» **Work to be completed**:
Each entry below is to be transcribed exactly; pictures are not copied.

┏━━

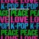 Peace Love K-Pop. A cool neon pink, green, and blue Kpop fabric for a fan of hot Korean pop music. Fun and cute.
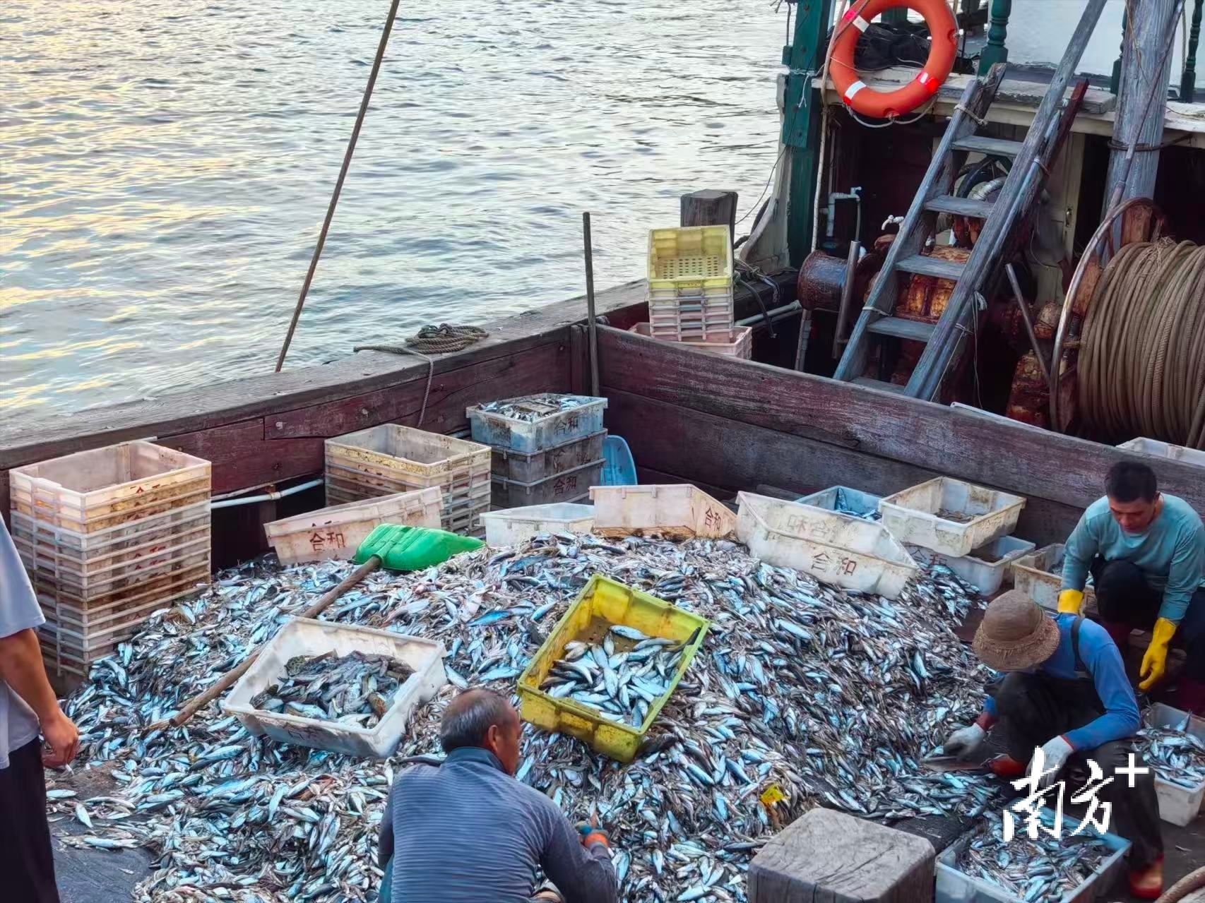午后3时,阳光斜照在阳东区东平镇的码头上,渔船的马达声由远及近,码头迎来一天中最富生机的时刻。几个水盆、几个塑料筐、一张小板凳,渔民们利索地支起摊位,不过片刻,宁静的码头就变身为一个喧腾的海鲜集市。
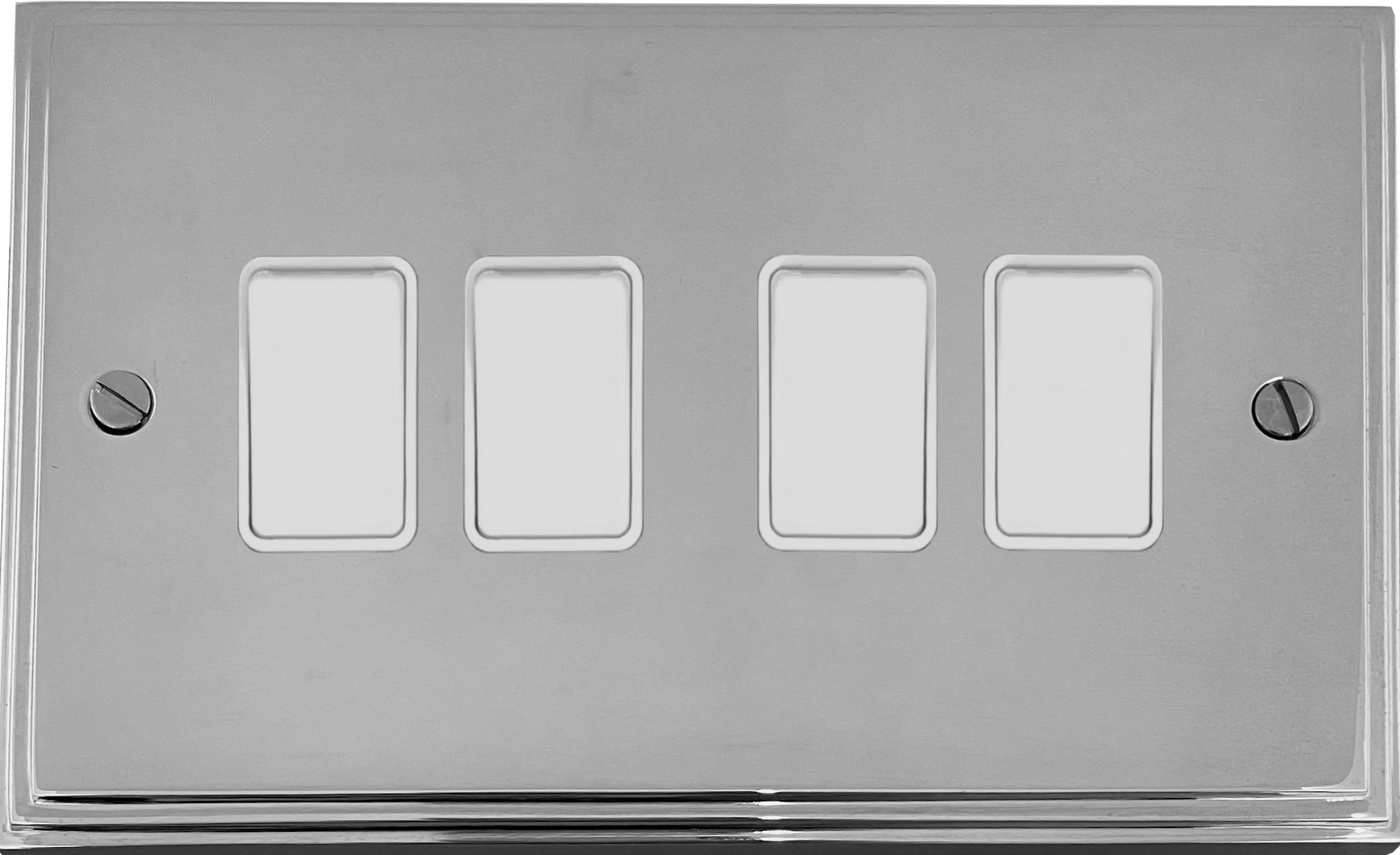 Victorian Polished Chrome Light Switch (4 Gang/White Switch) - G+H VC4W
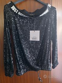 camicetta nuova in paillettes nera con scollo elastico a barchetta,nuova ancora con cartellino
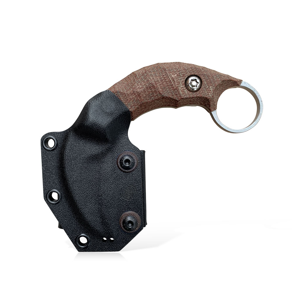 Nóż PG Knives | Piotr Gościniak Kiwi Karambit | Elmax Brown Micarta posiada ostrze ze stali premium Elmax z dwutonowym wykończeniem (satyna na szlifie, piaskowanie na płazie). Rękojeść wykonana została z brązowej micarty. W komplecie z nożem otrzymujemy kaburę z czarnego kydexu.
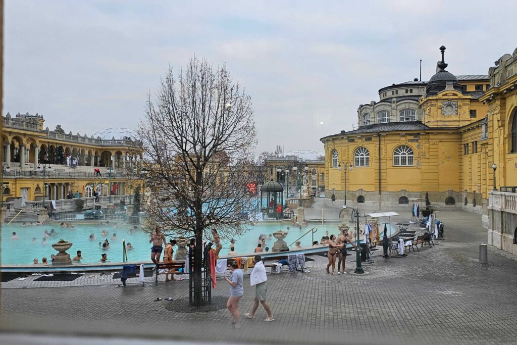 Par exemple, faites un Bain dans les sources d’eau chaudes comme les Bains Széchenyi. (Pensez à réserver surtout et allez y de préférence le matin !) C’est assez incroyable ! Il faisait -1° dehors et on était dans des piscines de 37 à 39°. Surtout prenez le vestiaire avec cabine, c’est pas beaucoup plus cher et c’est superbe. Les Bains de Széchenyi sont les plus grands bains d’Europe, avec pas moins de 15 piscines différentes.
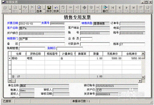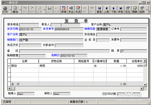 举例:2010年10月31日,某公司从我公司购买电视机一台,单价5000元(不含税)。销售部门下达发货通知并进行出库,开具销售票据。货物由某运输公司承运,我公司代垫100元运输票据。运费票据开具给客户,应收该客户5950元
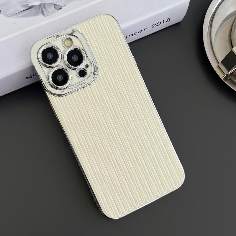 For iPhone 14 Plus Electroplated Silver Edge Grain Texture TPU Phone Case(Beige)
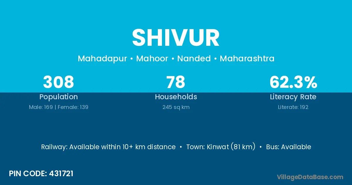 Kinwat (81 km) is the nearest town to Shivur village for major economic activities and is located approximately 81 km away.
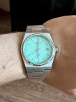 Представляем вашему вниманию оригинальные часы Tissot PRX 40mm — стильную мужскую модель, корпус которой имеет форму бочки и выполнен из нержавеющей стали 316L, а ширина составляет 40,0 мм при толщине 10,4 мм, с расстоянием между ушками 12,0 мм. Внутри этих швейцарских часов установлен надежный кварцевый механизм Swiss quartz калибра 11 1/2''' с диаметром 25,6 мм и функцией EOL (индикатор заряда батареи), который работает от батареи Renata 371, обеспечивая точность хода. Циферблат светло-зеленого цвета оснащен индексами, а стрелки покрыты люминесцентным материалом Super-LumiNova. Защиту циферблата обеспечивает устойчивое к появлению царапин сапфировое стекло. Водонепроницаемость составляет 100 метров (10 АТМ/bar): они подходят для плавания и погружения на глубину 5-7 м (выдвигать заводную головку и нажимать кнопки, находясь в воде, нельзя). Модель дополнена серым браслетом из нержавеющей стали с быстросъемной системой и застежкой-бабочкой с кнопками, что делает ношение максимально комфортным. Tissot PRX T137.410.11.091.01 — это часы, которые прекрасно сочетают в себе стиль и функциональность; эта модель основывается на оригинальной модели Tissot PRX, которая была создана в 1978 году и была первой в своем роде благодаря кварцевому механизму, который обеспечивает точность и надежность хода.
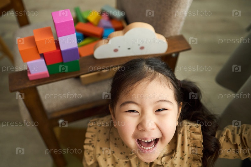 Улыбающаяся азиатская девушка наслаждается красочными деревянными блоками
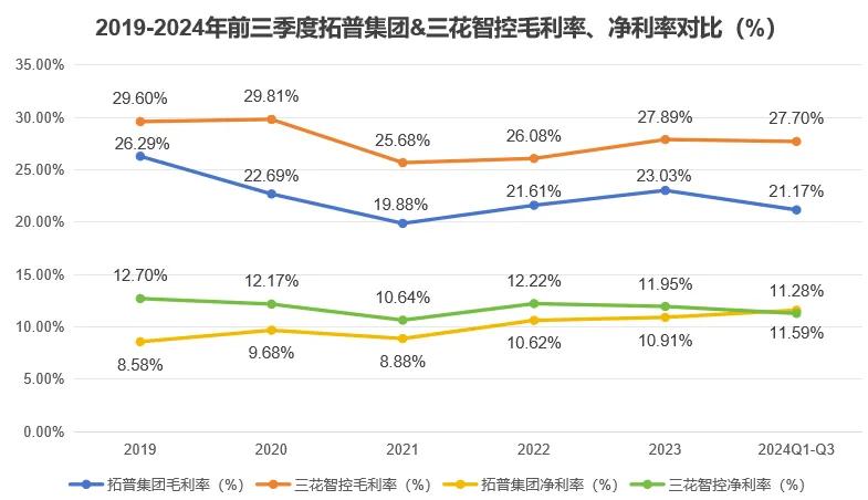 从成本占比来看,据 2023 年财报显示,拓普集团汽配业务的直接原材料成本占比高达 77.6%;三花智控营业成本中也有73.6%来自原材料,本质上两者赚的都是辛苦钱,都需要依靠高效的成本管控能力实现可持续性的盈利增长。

┗━━

» **Exercise solution**:
 Peace Love K-Pop. A cool neon pink, green, and blue Kpop fabric for a fan of hot Korean pop music. Fun and cute.
午后3时,阳光斜照在阳东区东平镇的码头上,渔船的马达声由远及近,码头迎来一天中最富生机的时刻。几个水盆、几个塑料筐、一张小板凳,渔民们利索地支起摊位,不过片刻,宁静的码头就变身为一个喧腾的海鲜集市。
 Victorian Polished Chrome Light Switch (4 Gang/White Switch) - G+H VC4W
 camicetta nuova in paillettes nera con scollo elastico a barchetta,nuova ancora con cartellino
 Nóż PG Knives | Piotr Gościniak Kiwi Karambit | Elmax Brown Micarta posiada ostrze ze stali premium Elmax z dwutonowym wykończeniem (satyna na szlifie, piaskowanie na płazie). Rękojeść wykonana została z brązowej micarty. W komplecie z nożem otrzymujemy kaburę z czarnego kydexu.
 Par exemple, faites un Bain dans les sources d’eau chaudes comme les Bains Széchenyi. (Pensez à réserver surtout et allez y de préférence le matin !) C’est assez incroyable ! Il faisait -1° dehors et on était dans des piscines de 37 à 39°. Surtout prenez le vestiaire avec cabine, c’est pas beaucoup plus cher et c’est superbe. Les Bains de Széchenyi sont les plus grands bains d’Europe, avec pas moins de 15 piscines différentes.
 举例:2010年10月31日,某公司从我公司购买电视机一台,单价5000元(不含税)。销售部门下达发货通知并进行出库,开具销售票据。货物由某运输公司承运,我公司代垫100元运输票据。运费票据开具给客户,应收该客户5950元
 For iPhone 14 Plus Electroplated Silver Edge Grain Texture TPU Phone Case(Beige)
 Kinwat (81 km) is the nearest town to Shivur village for major economic activities and is located approximately 81 km away.
 Представляем вашему вниманию оригинальные часы Tissot PRX 40mm — стильную мужскую модель, корпус которой имеет форму бочки и выполнен из нержавеющей стали 316L, а ширина составляет 40,0 мм при толщине 10,4 мм, с расстоянием между ушками 12,0 мм. Внутри этих швейцарских часов установлен надежный кварцевый механизм Swiss quartz калибра 11 1/2''' с диаметром 25,6 мм и функцией EOL (индикатор заряда батареи), который работает от батареи Renata 371, обеспечивая точность хода. Циферблат светло-зеленого цвета оснащен индексами, а стрелки покрыты люминесцентным материалом Super-LumiNova. Защиту циферблата обеспечивает устойчивое к появлению царапин сапфировое стекло. Водонепроницаемость составляет 100 метров (10 АТМ/bar): они подходят для плавания и погружения на глубину 5-7 м (выдвигать заводную головку и нажимать кнопки, находясь в воде, нельзя). Модель дополнена серым браслетом из нержавеющей стали с быстросъемной системой и застежкой-бабочкой с кнопками, что делает ношение максимально комфортным. Tissot PRX T137.410.11.091.01 — это часы, которые прекрасно сочетают в себе стиль и функциональность; эта модель основывается на оригинальной модели Tissot PRX, которая была создана в 1978 году и была первой в своем роде благодаря кварцевому механизму, который обеспечивает точность и надежность хода.
 Улыбающаяся азиатская девушка наслаждается красочными деревянными блоками
 从成本占比来看,据 2023 年财报显示,拓普集团汽配业务的直接原材料成本占比高达 77.6%;三花智控营业成本中也有73.6%来自原材料,本质上两者赚的都是辛苦钱,都需要依靠高效的成本管控能力实现可持续性的盈利增长。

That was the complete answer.